Best practice recommendations include:

  • Report multiple metrics: Relying on a single fairness metric can hide disparities not addressed by that particular approach.
  • Context-dependent selection: Choose metrics aligned with stakeholder priorities, clinical workflows, and regulatory requirements.
  • Quantify and report uncertainty: Confidence intervals for subgroup metrics are essential, especially for underrepresented populations.
  • Justify threshold choices: Clearly report and justify thresholds used in fairness assessments.

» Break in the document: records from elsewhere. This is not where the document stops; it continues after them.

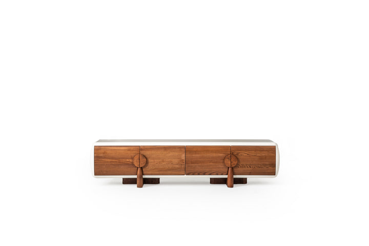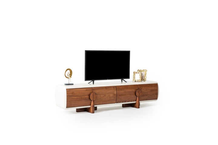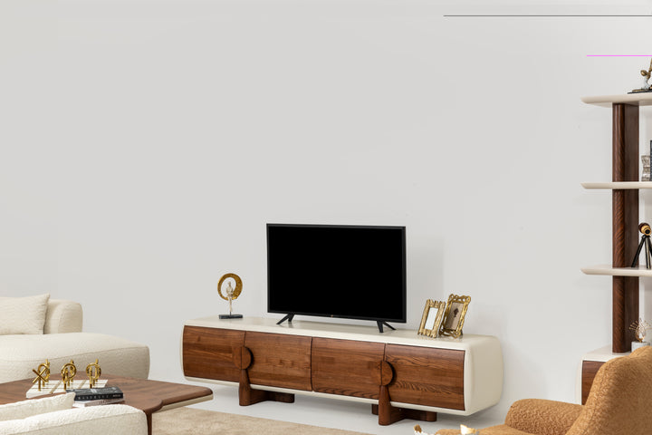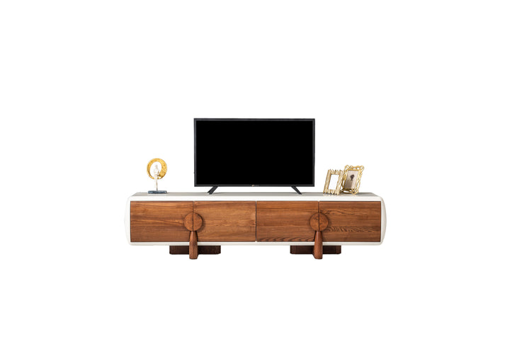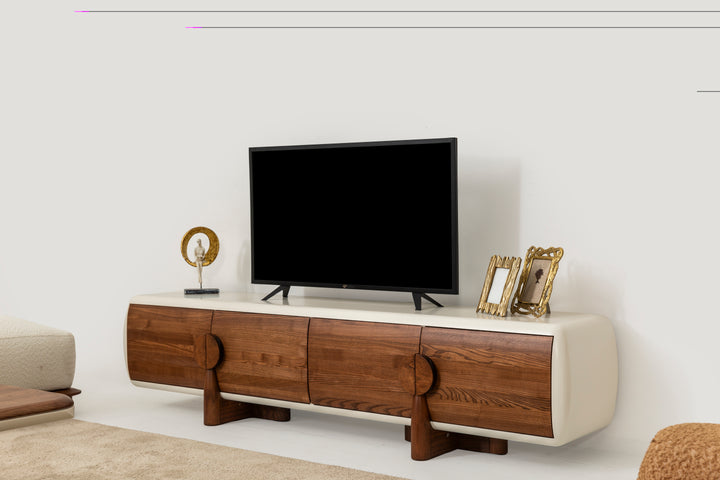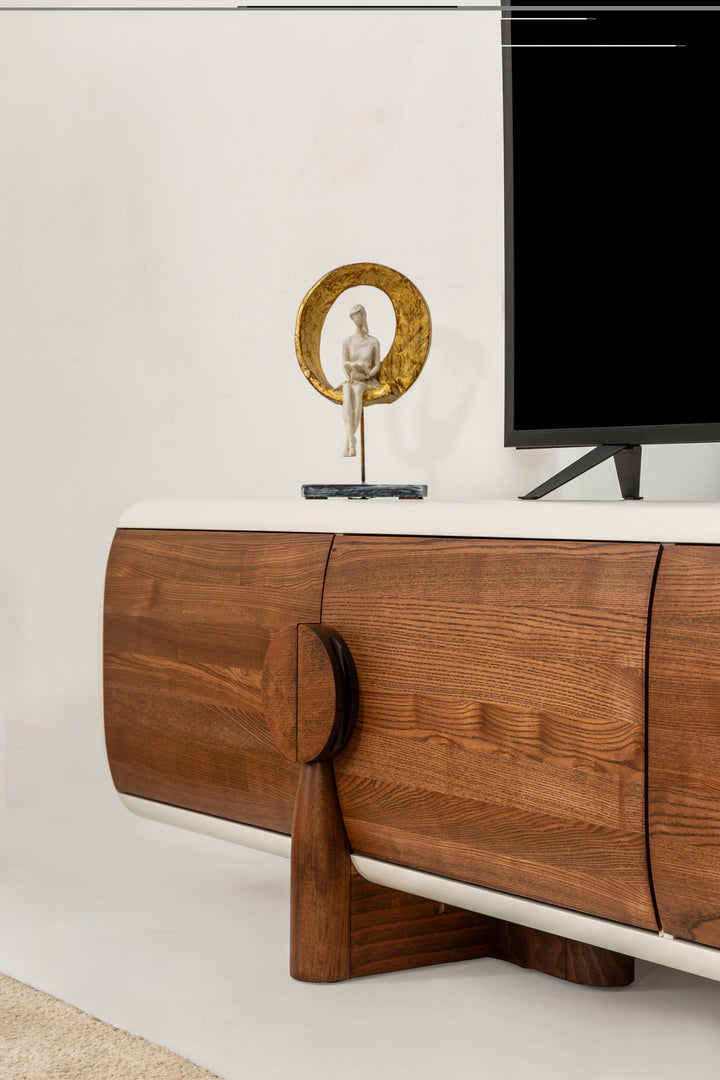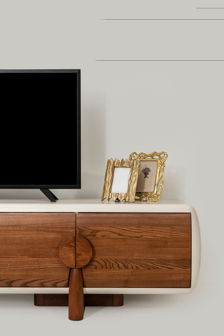 Comodă TV realizată dintr-o combinație de lemn masiv și MDF, cu linii rotunjite ce poate fi ușor încadrată în orice living, fie el modern sau clasic accentuând atât confortul cât și funcționalitatea.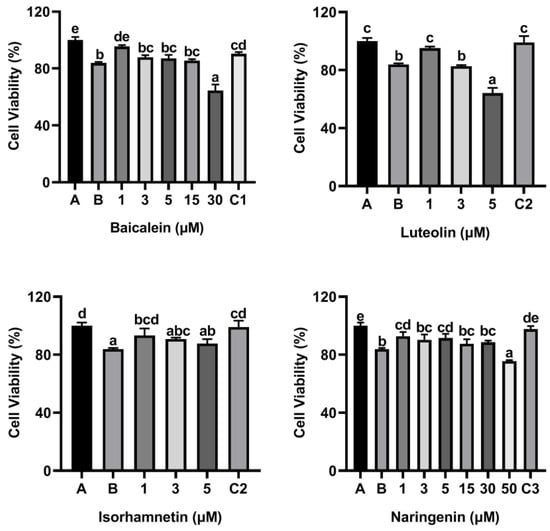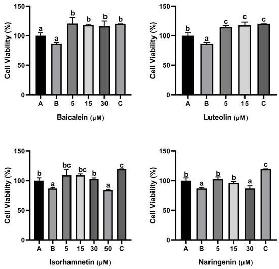 Effects of four flavonoids on the viability of Caco-2 cells induced by ω-5 gliadin-derived peptide P4. A (blank group): only Caco-2 cells; B (control group): 500 μg/mL ω-5 gliadin-derived peptide P4+Caco-2 cells; C (positive control group): 10 nM Dexamethasone+Caco-2 cells. Note: different letters indicate significant differences between groups (p < 0.05).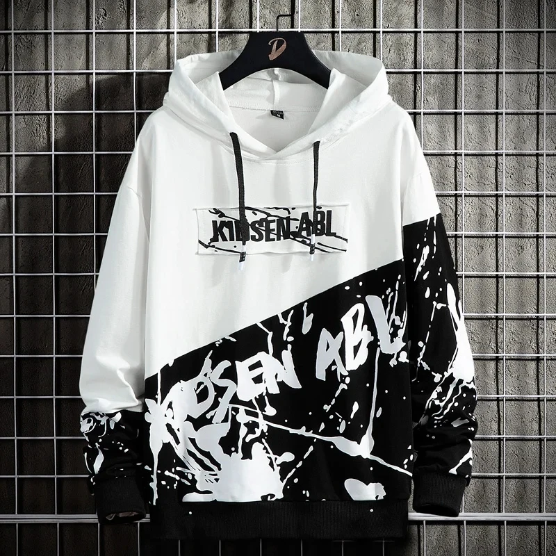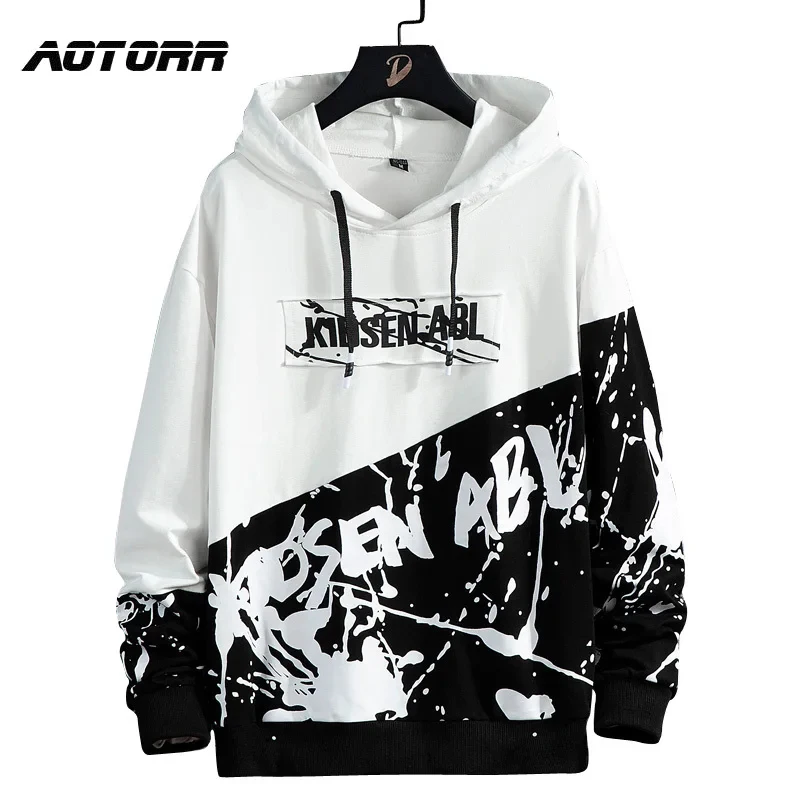 Толстовка мужская в стиле хип-хоп, Модный свитшот в стиле пэчворк, худи с надписью, свитшот с длинным рукавом, уличная одежда свободного покроя в стиле Харадзюку, на осень

5. Recommendations and Directions for Future Research

The literature identifies several priorities and gaps for advancing fairness metric development and reporting in clinical AI (2506.17035):

  • Probability-based metrics should be prioritized for model development and validation, to avoid threshold-induced artifacts.
  • Intersectional fairness: Extend measurement and reporting beyond single attributes, incorporating methodologies for robust intersectional subgroup analysis.
  • Uncertainty quantification: Incorporate confidence intervals on all group and intersectional metrics, particularly where subgroups are small.
  • Clinical utility metrics: Develop and report metrics tied directly to patient benefit (e.g., subgroup net benefit) to complement statistical parity measures.
  • Empirical validation: Test and calibrate new fairness metrics on real clinical data, ensuring their applicability for decision-support.
  • Stakeholder engagement and contextualization: Align metric selection with ethical, clinical, and social priorities documented through participatory design and governance frameworks.

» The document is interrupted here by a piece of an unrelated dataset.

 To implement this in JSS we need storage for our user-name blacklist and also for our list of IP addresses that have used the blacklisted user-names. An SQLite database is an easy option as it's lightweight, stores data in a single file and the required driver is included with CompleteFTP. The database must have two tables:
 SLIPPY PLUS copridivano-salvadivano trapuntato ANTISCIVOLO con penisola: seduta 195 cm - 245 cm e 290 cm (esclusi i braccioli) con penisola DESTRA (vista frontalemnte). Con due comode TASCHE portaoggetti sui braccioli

6. Summary Table: Example Fairness Metrics

Metric Formula Intended Role
AUROC Parity $\Delta_{\text{AUROC} = | \text{AUROC}_{A=0} - \text{AUROC}_{A=1} |$ Discrimination parity
Calibration-in-the-Large $\Delta_{\text{CITL} = | (\text{Mean}(p_{A=0}) - \text{Mean}(Y_{A=0})) - (\text{Mean}(p_{A=1}) - \text{Mean}(Y_{A=1})) |$ Calibration parity
Equal Opportunity Gap ΔTPR=TPRA=0TPRA=1\Delta_\text{TPR} = | \text{TPR}_{A=0} - \text{TPR}_{A=1} | Sensitivity parity across groups
Statistical Parity $\Delta_{\text{SP} = | P(\hat{Y}=1|A=0) - P(\hat{Y}=1|A=1) |$ Output rate parity
Subgroup Net Benefit NBg=TPgngFPgngw1wNB_g = \frac{TP_g}{n_g} - \frac{FP_g}{n_g} \cdot \frac{w}{1-w} Clinical utility parity

7. Conclusions and Outlook

The proliferation of fairness metrics for clinical predictive AI reflects the complexity of quantifying and achieving equity in model-driven decision-making. The current landscape is fragmented, over-reliant on threshold-dependent and group-based statistical parities, and underdeveloped regarding calibration, uncertainty, intersectionality, and clinical utility (2506.17035). A move towards probability-based, uncertainty-aware, and utility-grounded fairness metrics—implemented and reported transparently in alignment with clinical and ethical realities—remains a critical priority for future research and deployment in healthcare AI.